Der Trend zum Bau von teuren Luxuswohnungen sorgt für Unruhe bei Immobilienunternehmen und Mietervereinen. Von den 200.000 in diesem Jahr fertiggestellten Wohnungen seien auffallend viele im hochpreisigen Segment zu finden, berichtet der Bundesverband deutscher Wohnungs- und Immobilienunternehmen ( GdW ).

Dessen Präsident Axel Gedaschko kritisierte, viel zu wenig werde für jene Gruppe von Menschen gebaut, die wenig Einkommen habe. Bei den 3.000 Mitgliedsunternehmen des GdW entstehen derzeit 43 Prozent der Wohnungen im oberen Preissegment. "Reich baut für Reich", meint Ulrich Ropertz vom Deutschen Mieterbund . Was in Deutschland fehle, sei sozialer Wohnungsbau und preiswertes Wohnen für junge Familien.

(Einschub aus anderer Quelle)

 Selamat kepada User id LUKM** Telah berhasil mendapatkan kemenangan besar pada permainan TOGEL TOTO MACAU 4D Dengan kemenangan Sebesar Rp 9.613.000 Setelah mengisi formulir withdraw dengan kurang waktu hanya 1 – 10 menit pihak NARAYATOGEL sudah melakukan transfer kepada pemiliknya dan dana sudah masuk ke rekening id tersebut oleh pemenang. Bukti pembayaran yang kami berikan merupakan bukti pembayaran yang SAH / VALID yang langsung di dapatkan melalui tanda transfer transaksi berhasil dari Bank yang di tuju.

In stark nachgefragten Ballungszentren wie München könnten die Durchschnittsmieten sogar höher als zwölf Euro liegen, berichtet Sven Vogel vom Bundesverband Freier Immobilien- und Wohnungsunternehmen: "Wenn Sie neu bauen, können Sie derzeit keinen Wohnraum unter sechs Euro anbieten." Zu hoch seien Auflagen, Grundstückspreise und andere Kosten: "Den Unternehmen laufen die Kosten aus dem Ruder." Besonders in den Großstädten kommt hinzu: Auf der Suche nach einer sicheren Geldanlage drängen Investoren aus Krisenstaaten auf den Markt und treiben die Preise in die Höhe.

Gebaut wird nach Angaben des GdW vor allem in Stuttgart , München, Köln / Bonn , Hamburg , Berlin und dem Rhein-Main-Gebiet. Für Ostdeutschland dagegen diagnostizierte Gedaschko eine "Leerstandspandemie": Dort müssten jährlich 30.000 Wohnungen abgerissen werden.

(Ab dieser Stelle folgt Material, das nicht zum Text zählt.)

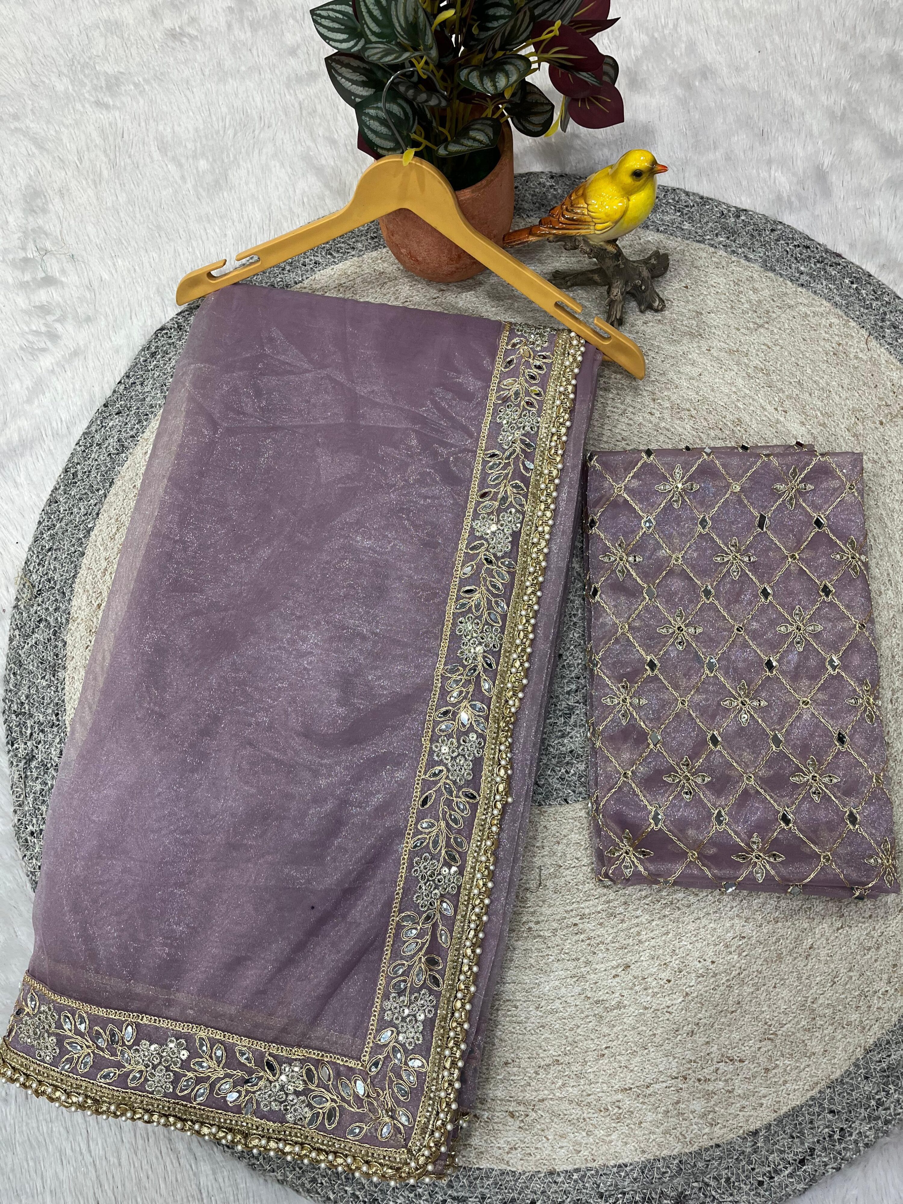 Wrap yourself in timeless elegance with this exquisite Designer Embroidery Saree featuring stunning mirror work. Crafted from luxurious Silver Tissue Silk, this saree showcases intricate embroidery work enhanced with sparkling sequence, traditional Zari dori work, and authentic mirror embellishments. The fancy lace border adorned with pearls adds a regal touch to this masterpiece.

"Preiswerte Bestände werden vom Markt saniert"

In Ballungszentren und Universitätsstädten werden nach Einschätzung des Deutschen Mieterbunds bis 2017 etwa 825.000 Mietwohnungen fehlen, wenn so weitergebaut werde wie bisher. "Dann werden die Mieten noch schneller steigen als bisher", sagte Verbandsdirektor Lukas Siebenkotten. Kämen noch teure energetische Modernisierungen hinzu, würden die Mieten für einen Großteil der Mieter in Deutschland nicht mehr bezahlbar sein. "Wir sanieren derzeit noch preiswerte Bestände systematisch vom Markt", warnt der GdW.

Am stärksten von der Steigerung der Mietpreise betroffen sind laut Mieterbund jene zehn Prozent der Haushalte pro Jahr, die umziehen . Oft seien dies junge Menschen, die eine Familie gründeten oder aus beruflichen Gründen den Ort wechseln, oder Studenten. Siebenkotten forderte eine gesetzliche Begrenzung von Neuvertragsmieten, die ortsübliche Mieten um maximal zehn Prozent übertreffen sollen dürften.